Sure, unstructured knowledge extraction can successfully scale to deal with giant datasets when carried out with the best applied sciences. Fashionable AI-based extraction methods use deep studying fashions (CNNs, RNNs, transformers) that course of huge quantities of advanced knowledge effectively.
Scalability is additional enhanced by means of cloud computing platforms like AWS and Google Cloud, which offer elastic assets that develop together with your wants. Large knowledge frameworks corresponding to Apache Spark distribute processing throughout machine clusters, whereas parallel processing capabilities allow simultaneous knowledge dealing with.
Organizations can enhance efficiency by implementing batch processing for giant volumes, utilizing pre-trained fashions to scale back computational prices, and adopting incremental studying approaches.
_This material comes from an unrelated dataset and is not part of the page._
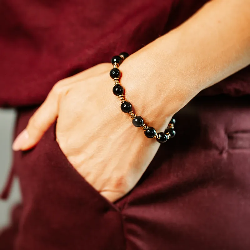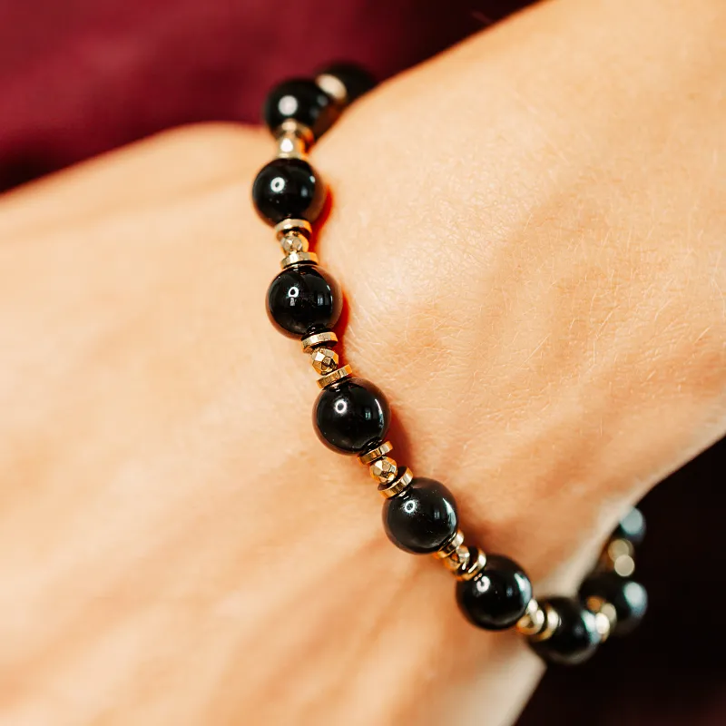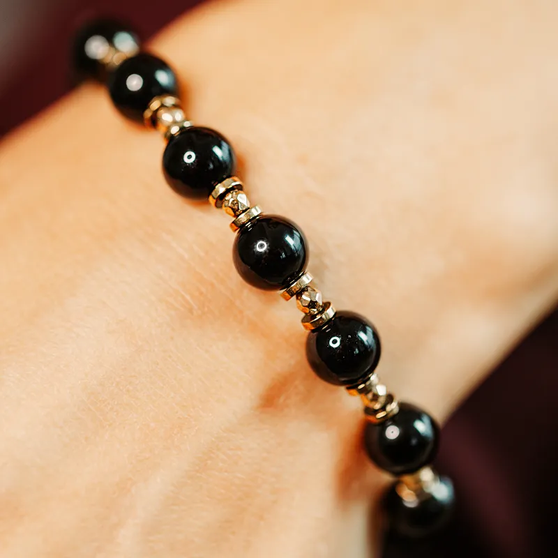 Hematyt z kolei symbolizuje zakorzenienie i materialne bogactwo. To kamień sukcesu, który wzmacnia pewność siebie, wspiera logiczne myślenie oraz przyciąga energię dostatku. W połączeniu z turmalinem tworzy wyjątkową synergię – równowagę między ochroną duchową a manifestacją materialnych pragnień. Złote refleksy hematytu dodają bransoletce nie tylko blasku, ale i energetycznej wibracji słońca – źródła siły, życia i inspiracji.

With correct infrastructure and optimization methods, these methods can effectively course of terabytes and even petabytes of unstructured knowledge.
Do I would like a staff of builders to begin automating knowledge extraction from unstructured paperwork?
No. Whereas builders can use APIs to construct customized options, trendy platforms are designed with no-code interfaces. This enables enterprise customers to arrange automated workflows, use pre-trained fashions for widespread paperwork like invoices, and combine with different enterprise software program with out writing any code.